– Правильно.
– Правильно?
Швейцарец вздохнул:
– Правильно боялась.
Кажется, она слегка побледнела… впрочем, это мог быть всего лишь эффект игры огня и тени.
– Зачем ты меня спас?
– Мне нужен ответ. – Проступившее после этой фразы на личике Тайны явственное недоумение едва не заставило Швейцарца улыбнуться… если бы он не был занят подбором правильных слов. – Нет, не так, вернее, совсем так. Мне нужен кто-то, способный ответить на мои вопросы.
– Какие вопросы?
– Зачем храмовники захотели нанять меня?
– Но… я не знаю.
– Ты знаешь, – мягко возразил Швейцарец. – Скорее всего, знаешь. Просто не можешь правильно воспользоваться этим знанием.
– Я была всего лишь наложницей. Куклой для удовольствия.
– Мне известно, кем ты была.
– Тогда… если тебе нужны только сведения, почему же не взял кого-то другого? Из слуг… приближенных к иерархам. Они ведь наверняка знают то, что нужно тебе, и знают много больше, чем я.
– Именно поэтому.
Он снова вздохнул, потер виски.
– Так же, как и ты сейчас, – медленно произнес он, – подумают и в Иерархии. Уволоки я за собой, к примеру, личного секретаря Дяо, и сам Дяо сразу же просчитает, к каким тайнам тот был допущен. А простая наложница… что серьезного может она знать? Почти ничего… следовательно, дело не в информации, а в чем-то другом. Да, это похищение – тягчайшее оскорбление Храма, но угрозы планам Храма оно не таит… и потому в погоню за нами послали четыре десятка воинов, а не целую сотню.

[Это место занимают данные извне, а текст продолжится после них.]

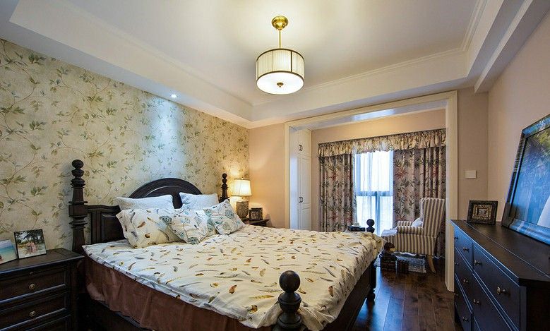 美式家居的臥室布置較為溫馨,作為主人的私密空間,主要以功能性以及實(shí)用舒適為斟酌的重點(diǎn),多用溫馨柔軟的成套布藝來(lái)點(diǎn)綴,同時(shí)在軟裝以及用色上無(wú)比統(tǒng)1。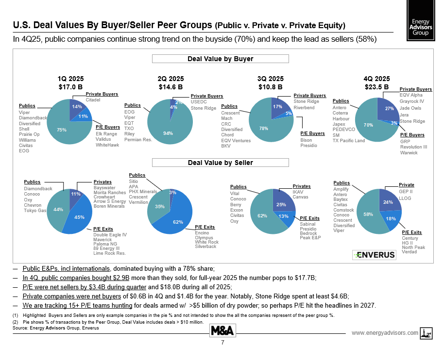 ------- How was 2025? "Publicly reported transactions slowed to $66B, down from $108B in 2024. Deal counts however increased to 95 from 84 in 2024. Public E&P consolidation continued with SM taking Civitas ($7.7B, Nov), Viper buying Sitio ($4.1B,June), Crescent getting Vital ($3.0B, Aug) and CRC buying Berry ($0.7B, Sept)."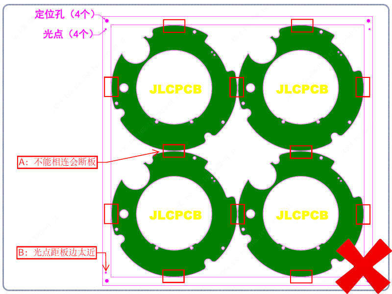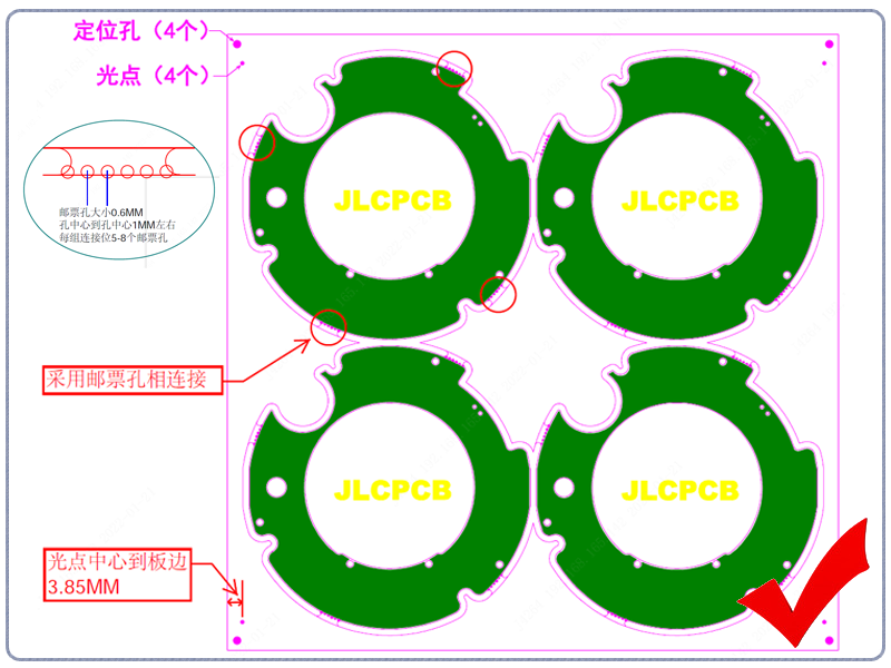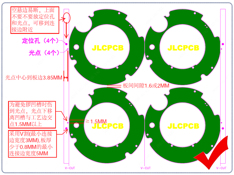 修正点:接受外形稍改动的(即把圆角处切平一部分做连接位,其长度一般为5MM左右),可以采用V割拼板。同时调整好光点位置(嘉立创SMT要求光点中心到板边3.85MM,客户自行SMT的依SMT工厂要求)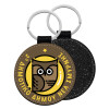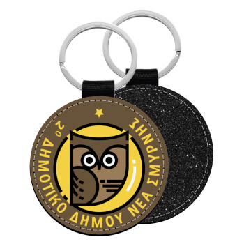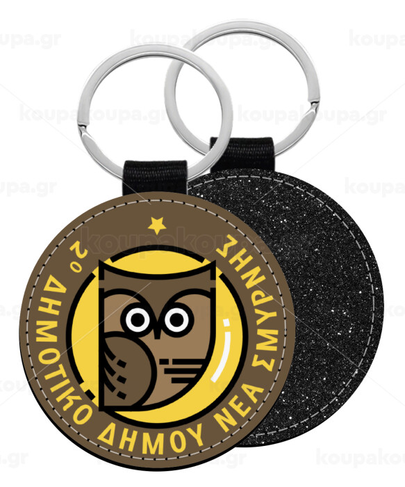 Έμβλημα Σχολικό brown, Μπρελόκ Δερματίνη, στρογγυλό ΜΑΥΡΟ (5cm)

– С сотней бы не справился даже ты?
– Справился, – девушка почти с ужасом осознала, что Швейцарец ничуть не шутит, – но это стоило б куда больше времени и сил. А главное – мои последующие действия стали бы более предсказуемыми.
На самом деле Швейцарец отнюдь не чувствовал уверенности, которая звучала в его голосе, и причиной тому был толстяк в желто-красном шелковом халате.
Просчитывал иерарх Дяо и такой ход в одной из своих многомудрых комбинаций?
Мог… пожалуй что, этот – мог.
– Человеческий мозг, – произнес он вслух, – штука хитрая и сложная. И то, что мы забываем… оно ведь на самом деле продолжает храниться там, внутри черепа. Чудовищное, невероятное количество информации, когда-то воспринятой, но сочтенной ненужной – и потому отправленной на хранение в дальний чулан с потерянными ключами.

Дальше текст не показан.